Christ the Lord is risen today, Alleluia!
Earth and heaven in chorus sing, Alleluia!
Raise your joys and triumphs high, Alleluia!
Sing, ye heavens and earth rely, Alleluia!
(“Christ the Lord is Risen Today,” ibid, 302)

In our singing we are able telescope the times and let it be “today,” as the day of new life. For that glorious day we muster our best music, our best flowers, and our best preaching in order to re-perform that wonder of new life.

Thus we are able to see that both Christmas and Easter are pageants of wonder whereby the church, in its liturgical imagination, brings these ancient memories to present tense as doxological reality. It is not much of a strain, after such considerations, to think that ancient Israel, in its own doxological imaginative dialect in the Psalm, could employ the same transport of wonder concerning the rule of YHWH from then to now, from there to here.

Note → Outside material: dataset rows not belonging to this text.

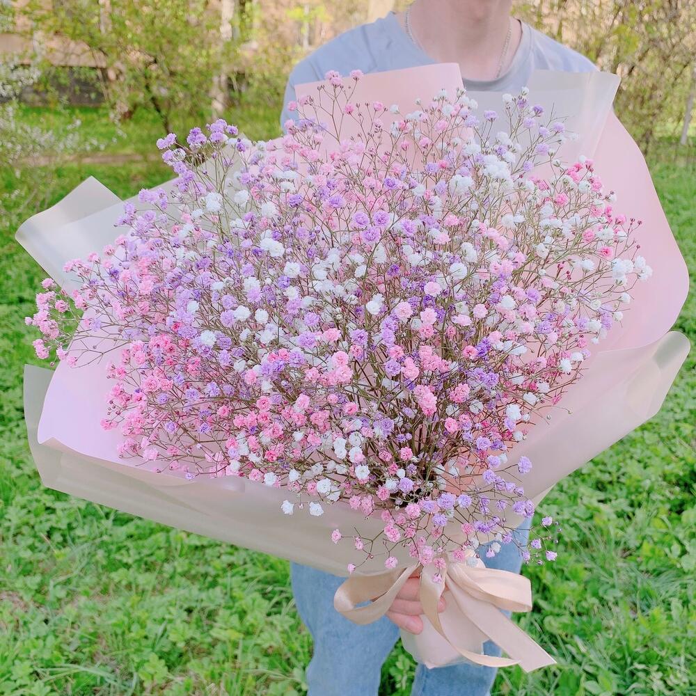 Лента атласная – 1 шт.Дизайнерская упаковка – 1 шт.инструкция по уходу за цветами – 1 шт.гипсофила радужная – 5 шт.любовь флориста (бесплатно) – 1 шт.витамины для цветов – 1 шт.
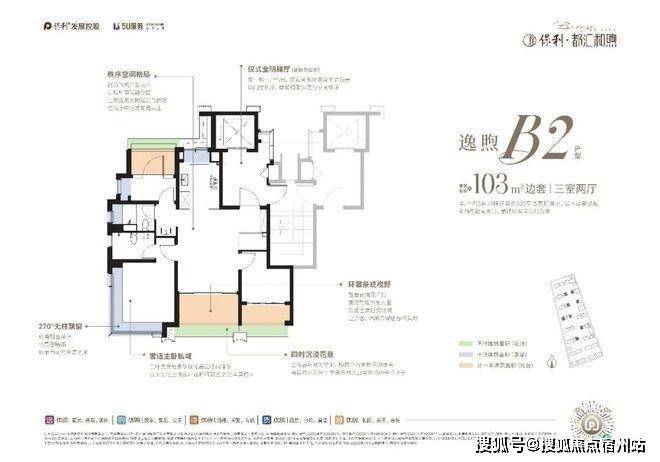 LDKB一体化格局,客餐厅、厨房、阳台通透相连,增强家人互动。保利都汇和煦售楼处电话400-856-9058
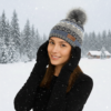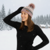 Choose from beautiful color options – brown, grey, pink, or black with vibrant accents – each paired with a matching pom pom. Perfect for skiing, snowy walks, or everyday wear, the Arielle beanie is both trendy and timeless.

When we consider the mighty performance of YHWH as certification to be qualified to be king of the gods, we can transfer that performance in the Psalm to King Jesus. We may do so when we reiterate the mighty powers of the storm God to the transformative ways of King Jesus. The mighty performance of Jesus, however, is not to wreak havoc as does that ancient storm toward the sea, cedars, and the desert. When the church recites the mighty deeds of Jesus that exhibit his rule they are of a very different ilk from that of the ancient storm god:

“The blind receive their sight, the lame walk, lepers are cleansed, the deaf hear, the dead are raised, the poor have good news brought to them.” (Luke 7:22)

These specific transformations are markers of the Lordship of Jesus. This is the one who commands the demons and the powers of death. Indeed, we may imagine that every time the church gathers to sing its doxologies to Jesus, it is re-performing the liturgy whereby Jesus is made king yet again. Jesus is “king of kings” and “Lord of Lords,” and that reality cannot be re-performed too often. He is, as we sing, Lord of all our history. But he is, as we also sing, Lord of heaven and earth, of nature as well as history:

Fairest Lord Jesus, ruler of all nature,
O thou of God and man the Son,
thee will I cherish, thee will I honor,
thou my soul’s glory, joy and crown.
Jesus is fairer … Jesus is purer … Jesus shines purer…
(“Fairest Lord Jesus,” ibid, 189) 

Thus on all counts, we can let Psalm 29 serve, in Christian imagination, for our Christmas, for our Easter, for our Epiphany, for our every worship and our every doxology. All can exclaim “Glory” as did the angels over Bethlehem. And when we hear the opening glory of the Psalm, we can listen for the concluding “peace” of the Psalm, the peace sung at Bethlehem:

Glory to God in the highest,
and on earth
peace among those whom he favors.” (Luke 2:14)

It is no wonder that the wise men appear in Epiphany:

Wise men from the East came to Jerusalem, asking, “Where is the child who has been born king of the Jews? For we observed his star at its rising, and have come to pay him homage.” (Matthew 2:1-2)

King indeed! It is no wonder that “heaven and nature sing”!